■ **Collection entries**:
- - - - - - -

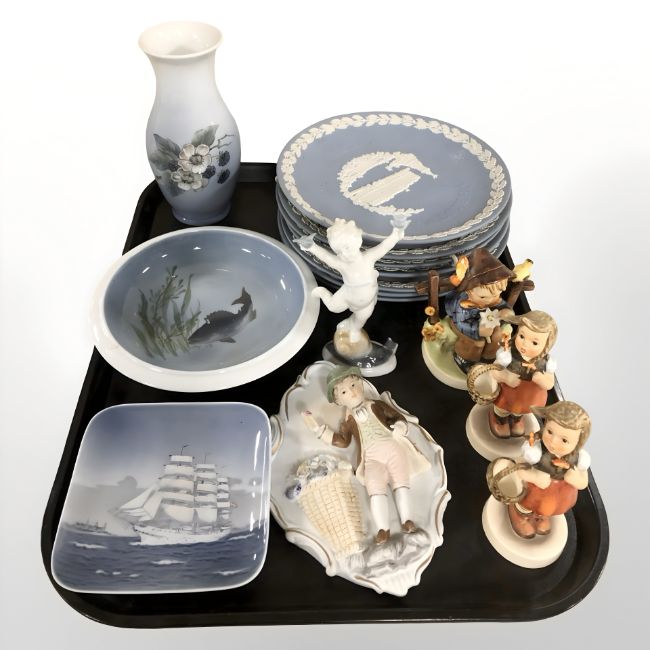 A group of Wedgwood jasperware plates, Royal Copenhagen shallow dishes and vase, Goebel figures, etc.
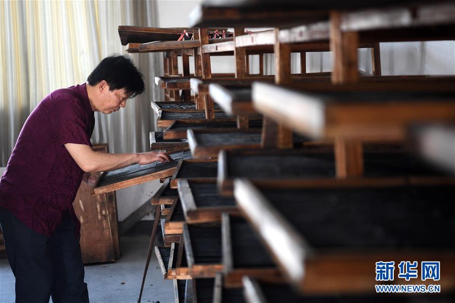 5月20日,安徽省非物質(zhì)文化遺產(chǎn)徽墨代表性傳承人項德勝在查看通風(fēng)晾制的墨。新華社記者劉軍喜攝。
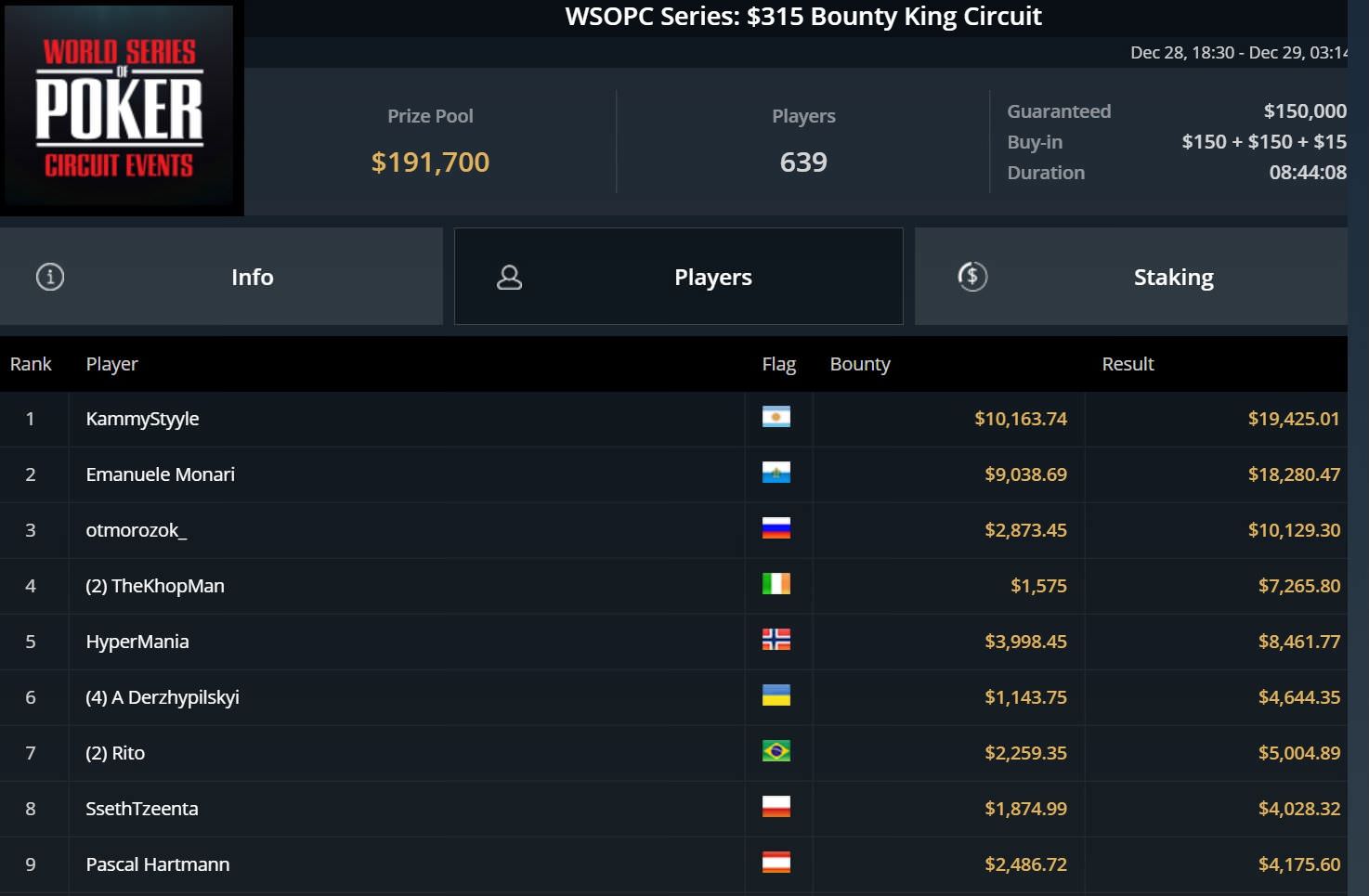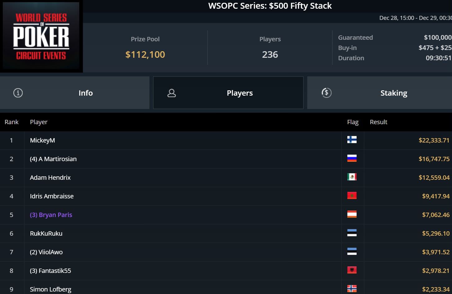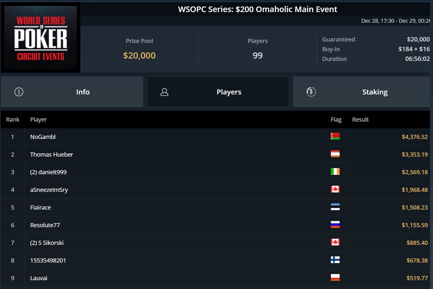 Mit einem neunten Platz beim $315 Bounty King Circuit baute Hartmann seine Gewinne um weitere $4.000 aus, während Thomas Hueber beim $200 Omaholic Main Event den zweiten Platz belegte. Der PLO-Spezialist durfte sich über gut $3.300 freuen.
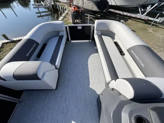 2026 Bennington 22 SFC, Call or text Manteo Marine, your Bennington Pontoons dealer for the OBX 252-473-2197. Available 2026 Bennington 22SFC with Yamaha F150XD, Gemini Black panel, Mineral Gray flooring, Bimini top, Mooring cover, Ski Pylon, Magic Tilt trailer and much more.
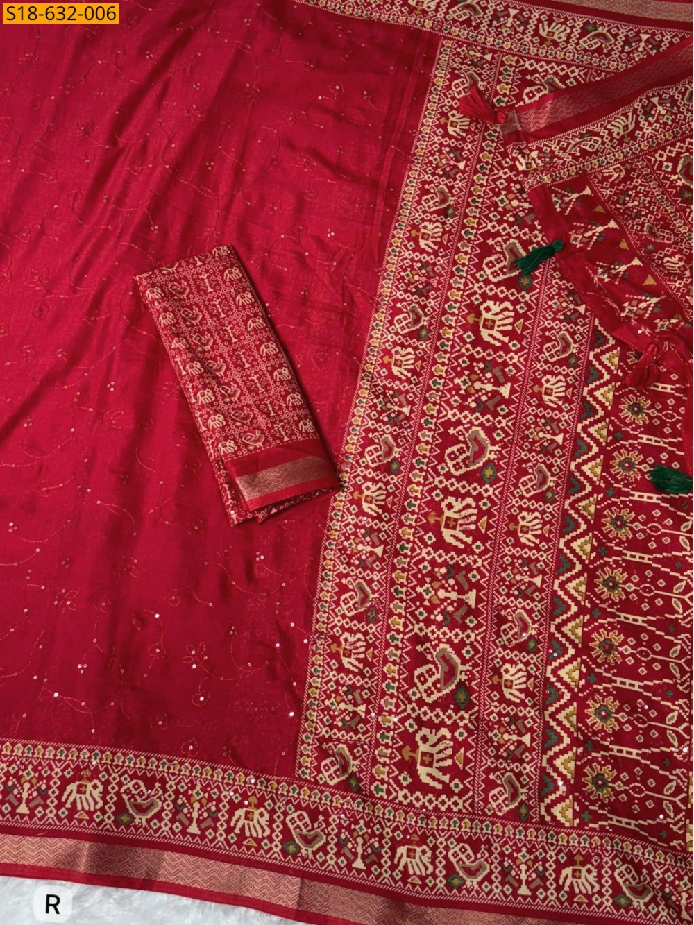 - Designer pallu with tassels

- - - - - - -

■ **WHAT IS EXPECTED**:
Set down the data above verbatim, omitting every image.

■ **ANSWER TO THE PROBLEM**:
 A group of Wedgwood jasperware plates, Royal Copenhagen shallow dishes and vase, Goebel figures, etc.
 5月20日,安徽省非物質(zhì)文化遺產(chǎn)徽墨代表性傳承人項德勝在查看通風(fēng)晾制的墨。新華社記者劉軍喜攝。
 Mit einem neunten Platz beim $315 Bounty King Circuit baute Hartmann seine Gewinne um weitere $4.000 aus, während Thomas Hueber beim $200 Omaholic Main Event den zweiten Platz belegte. Der PLO-Spezialist durfte sich über gut $3.300 freuen.
 2026 Bennington 22 SFC, Call or text Manteo Marine, your Bennington Pontoons dealer for the OBX 252-473-2197. Available 2026 Bennington 22SFC with Yamaha F150XD, Gemini Black panel, Mineral Gray flooring, Bimini top, Mooring cover, Ski Pylon, Magic Tilt trailer and much more.
 - Designer pallu with tassels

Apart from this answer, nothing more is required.